The German luxury manufacturers BMW and Mercedes reported lower third-quarter sales due to weak demand and fierce competition in China. The German auto industry is dealing with a number of issues, such as high production costs, navigating the switch to electric vehicles, declining demand, and escalating Chinese competition.
Most recently, Volkswagen, the largest carmaker in Europe, has been considering closing its plants in Germany for the first time as a cost-cutting measure. BMW’s sales decreased by 13% for the July–September quarter, while Mercedes’ sales decreased by 3%.
A faltering economy has impacted demand in China, the largest auto market in the world, and local automakers are posing a serious threat to international automakers with their lower-priced models, particularly electric vehicles.
Mercedes’ sales in China dropped by 13%, while BMW’s decreased by a third.

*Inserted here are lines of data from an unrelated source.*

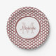 Modern Rosy Brown White Scallops Monogram and Name Paper Plate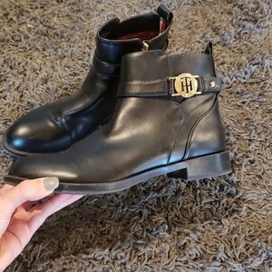 Womens Tommy Hilfiger Ornamented Zip Up Black Bootie
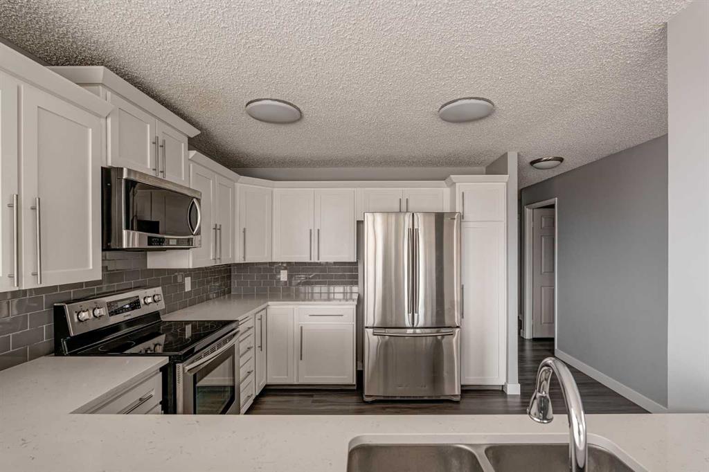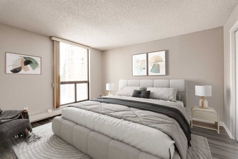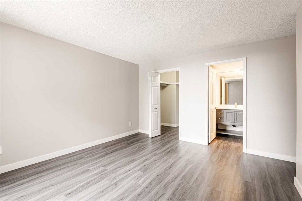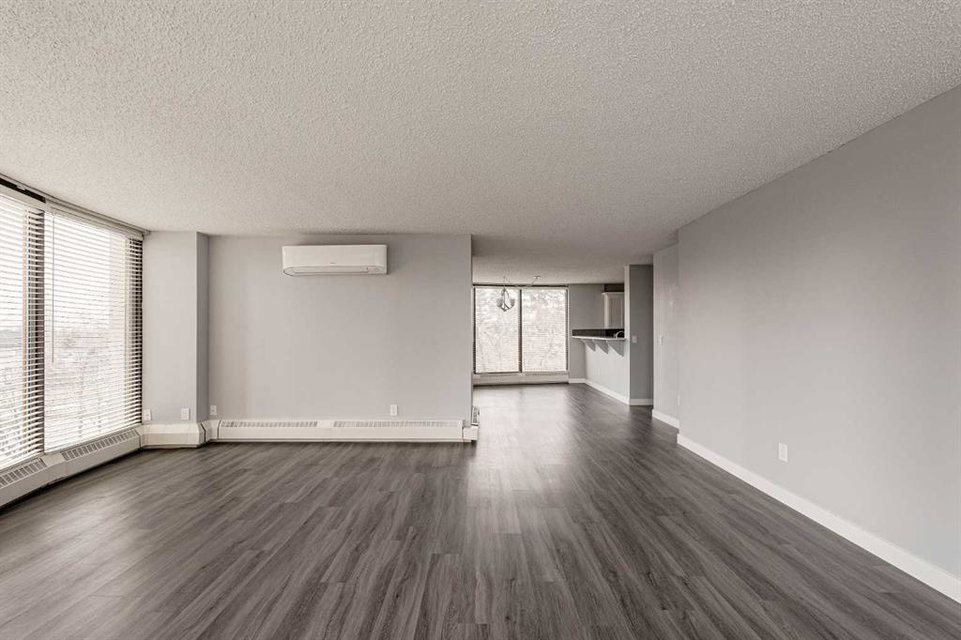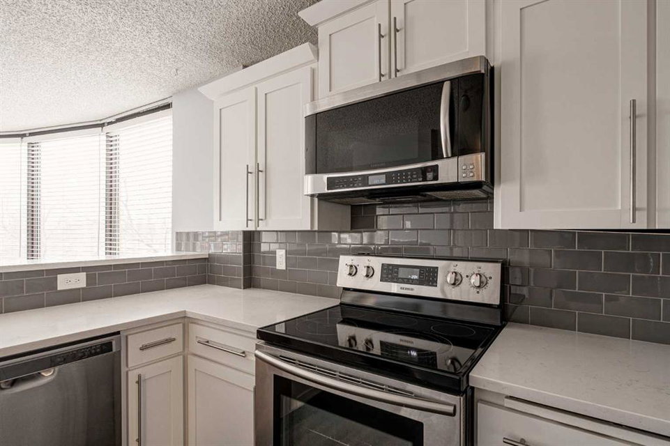 Welcome to this beautiful Odyssey Towers property, located in the heart of Coach Hill! This spacious 3-bedroom, 2-bathroom condo has been thoughtfully updated, offering a move-in-ready home perfect for immediate possession. Combining functionality, design, and a modern feel, this property is ideal for professionals or anyone seeking exceptional value. The sprawling open-concept living area features luxury vinyl plank flooring throughout and floor-to-ceiling windows that flood the space with natural light. The timeless white kitchen features an oversized raised eating bar with quartz countertops, a suite of newer stainless-steel appliances, and a side pantry for extra storage. The kitchen flows seamlessly into the large dining area and expansive living room, creating an ideal layout for entertaining or hosting family gatherings. The dining space comfortably accommodates formal dinners and offers direct access to the private balcony, while the generous living room provides ample space for a cozy seating area / entertainment area and office/reading nook. The primary suite is complete with a large walk-in closet and a renovated 3-piece ensuite featuring a new vanity, toilet, and a fully tiled walk-in shower. Two additional bedrooms provide versatility, whether for family, guests, or as a space for a home office or craft room. The second full bathroom has also been recently updated with a new vanity, toilet, and a tub/shower combination with a modern tile surround. A dedicated storage room and in-suite laundry area add extra convenience, making daily living effortless. The west-facing balcony offers a peaceful escape with views of the surrounding green space and tree canopy, perfect for unwinding after a long day. This property also includes air conditioning providing comfort in the summer and two assigned parking stalls (one underground, one surface), ensuring year-round security and convenience. The Odyssey Building is well maintained and offers a tranquil living experience for its residents all while being minutes from countless shopping and entertainment hubs and major thoroughfares. This is your opportunity to embrace the ease of apartment living without compromising on quality or design. Whether you’re downsizing, upgrading, or searching for your next home, this wonderful apartment is ready for you. Don’t miss your chance to make it your own!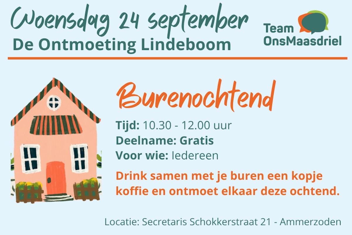 Dus neem je je buurvrouw of man mee deze ochtend en kom elkaar ontmoeten.

Mercedes also reported a 31% decline in BEV sales, indicating a muted global demand for these vehicles. BMW’s BEV sales increased by 10% throughout the quarter.
The European Union has lately levied high tariffs on electric vehicles (EVs) manufactured in China, citing their improper receipt of state subsidies. German automakers, who generate nearly a third of their revenues in China, have expressed alarm and asked for further negotiations, but Beijing disputes this and has warned reprisal.